▶ _EXERCISE REQUIREMENTS_: With the pictures left out, write out exactly the lines of the listing below that run from the line with "ECCO Women's Felicia" through the line with "стоит по умолчанию.".

▶ _MATERIAL PROVIDED_:
'''

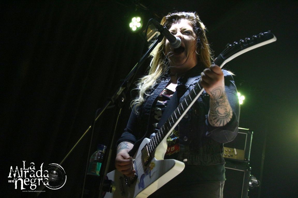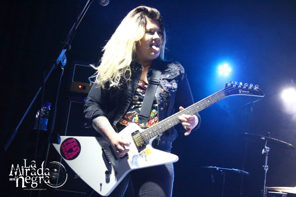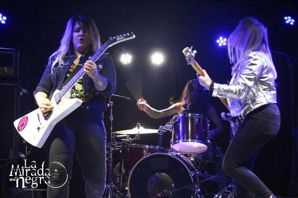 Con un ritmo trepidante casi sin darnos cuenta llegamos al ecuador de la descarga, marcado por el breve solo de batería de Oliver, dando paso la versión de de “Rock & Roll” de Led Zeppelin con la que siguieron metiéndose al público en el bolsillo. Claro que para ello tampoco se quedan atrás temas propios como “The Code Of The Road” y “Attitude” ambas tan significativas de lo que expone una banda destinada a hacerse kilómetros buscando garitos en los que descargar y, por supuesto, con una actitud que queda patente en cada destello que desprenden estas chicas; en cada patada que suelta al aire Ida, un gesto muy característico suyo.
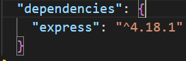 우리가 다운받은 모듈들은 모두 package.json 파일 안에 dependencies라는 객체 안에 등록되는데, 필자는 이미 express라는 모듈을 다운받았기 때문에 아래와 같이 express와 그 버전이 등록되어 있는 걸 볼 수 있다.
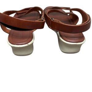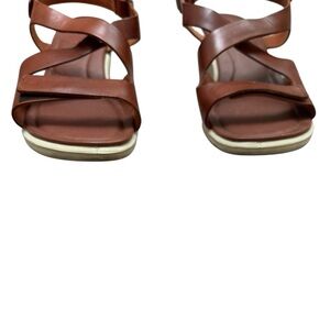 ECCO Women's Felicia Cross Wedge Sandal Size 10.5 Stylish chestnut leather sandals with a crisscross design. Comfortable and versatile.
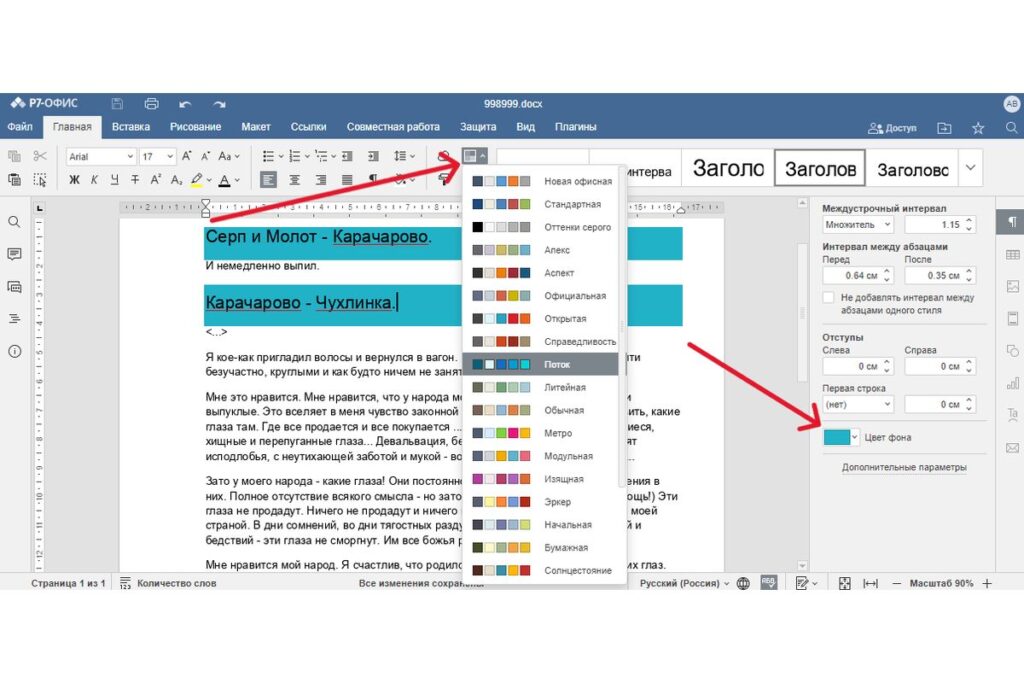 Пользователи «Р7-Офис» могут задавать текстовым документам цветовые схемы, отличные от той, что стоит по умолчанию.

'''
'''

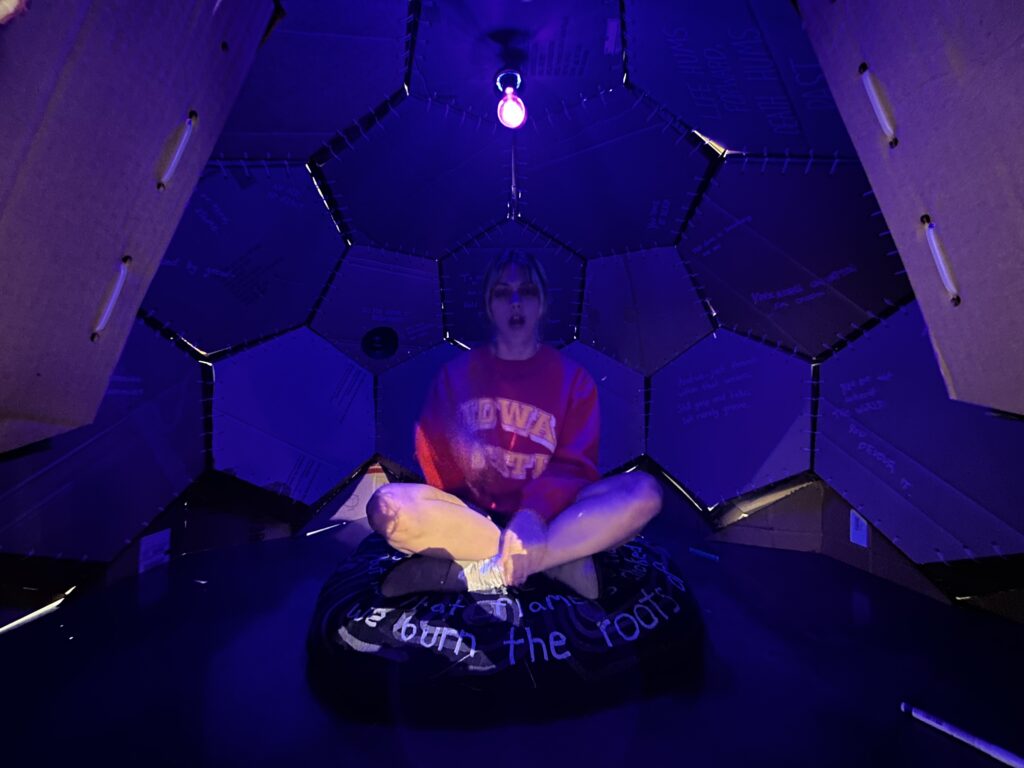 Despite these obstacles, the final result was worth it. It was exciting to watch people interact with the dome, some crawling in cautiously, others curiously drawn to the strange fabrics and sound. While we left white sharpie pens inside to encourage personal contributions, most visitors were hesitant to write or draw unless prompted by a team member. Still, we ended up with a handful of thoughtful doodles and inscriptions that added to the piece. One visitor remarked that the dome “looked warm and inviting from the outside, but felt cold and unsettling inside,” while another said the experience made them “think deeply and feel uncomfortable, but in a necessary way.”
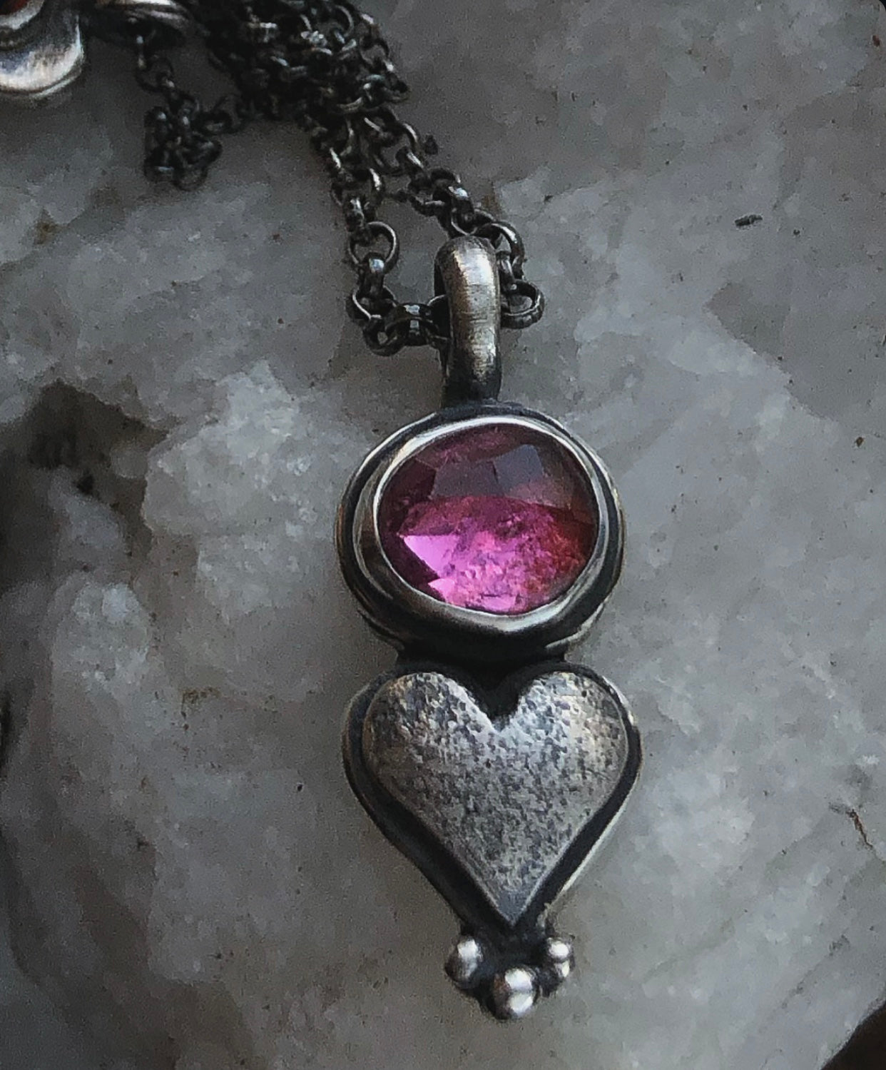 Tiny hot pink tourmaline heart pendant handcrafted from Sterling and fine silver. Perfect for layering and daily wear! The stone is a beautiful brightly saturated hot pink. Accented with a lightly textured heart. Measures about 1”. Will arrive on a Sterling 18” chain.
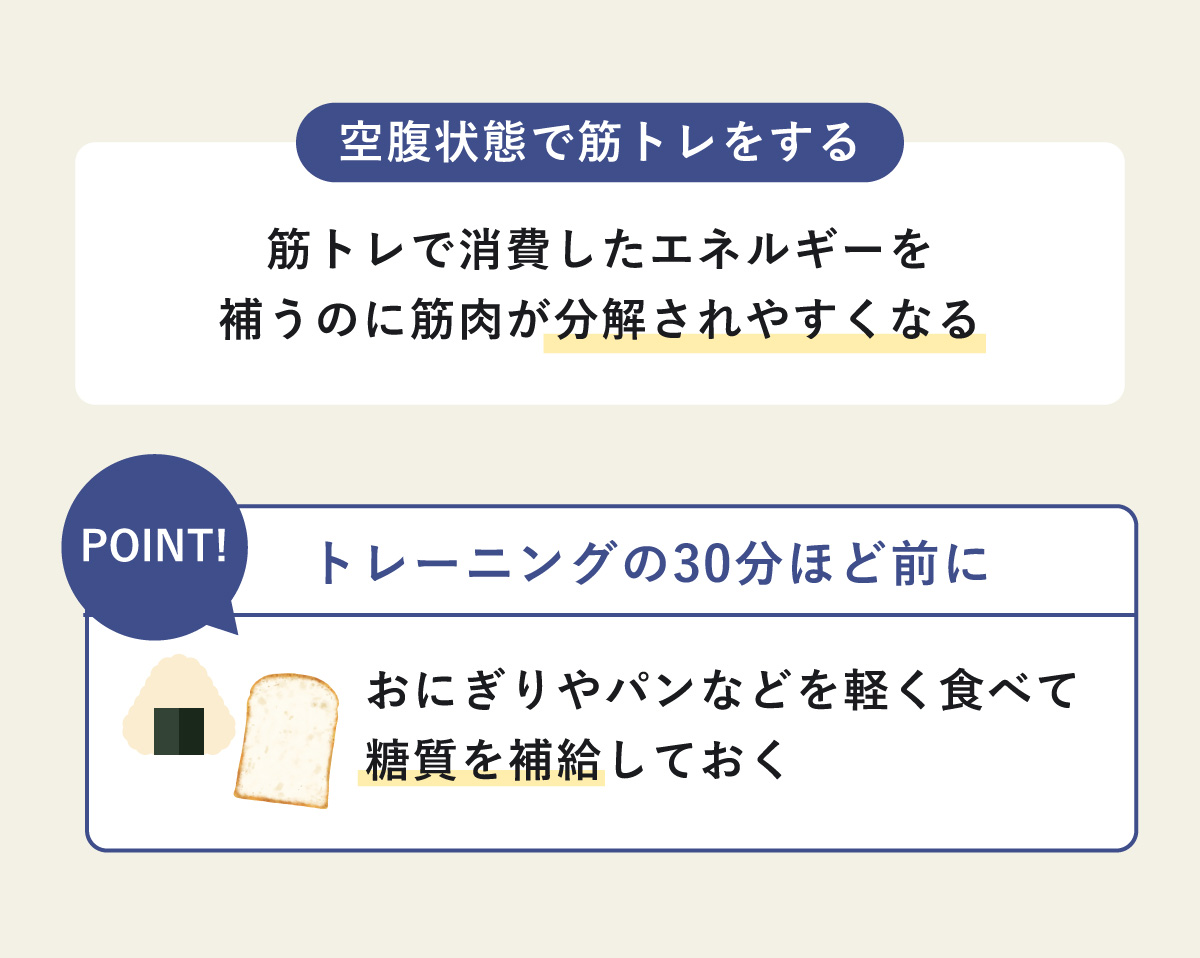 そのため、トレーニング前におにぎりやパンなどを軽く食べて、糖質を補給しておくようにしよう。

'''

▶ _RESULT OF THE EXERCISE_:
 ECCO Women's Felicia Cross Wedge Sandal Size 10.5 Stylish chestnut leather sandals with a crisscross design. Comfortable and versatile.
 Пользователи «Р7-Офис» могут задавать текстовым документам цветовые схемы, отличные от той, что стоит по умолчанию.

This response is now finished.